This page describes tips, troubleshooting, and known issues that you might find helpful if you run into problems using Google Compute Engine.
Contents
General tips
- Viewing different response format
-
Viewing
gcloud compute
logs - Selecting resource names
- Communicating between your instances and the Internet
- Accessing Google Compute Engine as a different ssh user
- Setting non-OAuth2 Access Key and secret credentials for gsutil/boto with Google Cloud Storage
Viewing different response formats
gcloud compute
performs most of its actions by making REST API calls. The
pretty-printed results show only the most important information returned by any
specific command. To see the different response output formats, use the
--format
flag which displays the format in a different format than the
pretty-printed version. Different output formats include
json
,
yaml
, and
text
.
For example, to see a list of instances in JSON, use
--format json
:
$ gcloud compute instances list --format json
Viewing gcloud compute logs
gcloud compute
creates and stores logs in a log file that you can query, located
at $HOME/.config/gcloud/logs. To see the latest log file on a Linux-based operating
system, run:
$ less $(find ~/.config/gcloud/logs | sort | tail -n 1)

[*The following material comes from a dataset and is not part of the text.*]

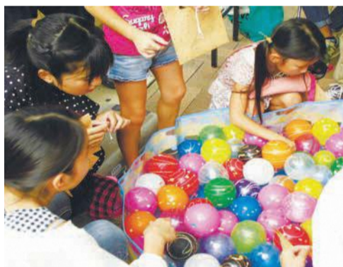
子どもに好評のヨーヨー釣り

七隈校区では、小・中学生が主体となって企画・運営するお祭りを開催します。梅林中学校吹奏楽部のファンファーレで始まり、ヨーヨー釣りやお化け屋敷の他、かき氷などの販売を行います。☎8月19日(土)、午前10時半～午後1時半☎七隈公民館 ☎871-6905 ☎871-5247

The log file includes information about all requests and responses made using
the
gcloud compute
tool.
Selecting resource names
When selecting names for your resources, keep in mind that these friendly-names may be visible on support and operational dashboards within Google Compute Engine. For this reason, it is recommended that resource names that do not expose any sensitive information.
Communicating between your instances and the Internet
An instance has direct Internet access only if it has an external IP address . An instance with an external IP can always initiate connections to the Internet. It can also receive connections, provided that a firewall rule is configured to allow access. You can add a custom firewall rule to the default network, or add a new network with custom firewalls. In addition, you can set up a network proxy within the virtual network environment in order to provide proxied access from an instance without an external IP address.
Note that a system-wide "hidden" firewall rule is set to disconnect idle TCP connections after 10 minutes. If your instance initiates or accepts long-lived connections with an external host, you can adjust TCP keep-alive settings to prevent these timeouts from dropping connections. You can configure the keep-alive settings on the Compute Engine instance, your external client, or both, depending on the host that typically initiates the connection. You should set the keep-alives to less than 600 seconds to ensure that connections are refreshed before the timeout occurs. The following examples sets the keep-alives to one minute (60 seconds).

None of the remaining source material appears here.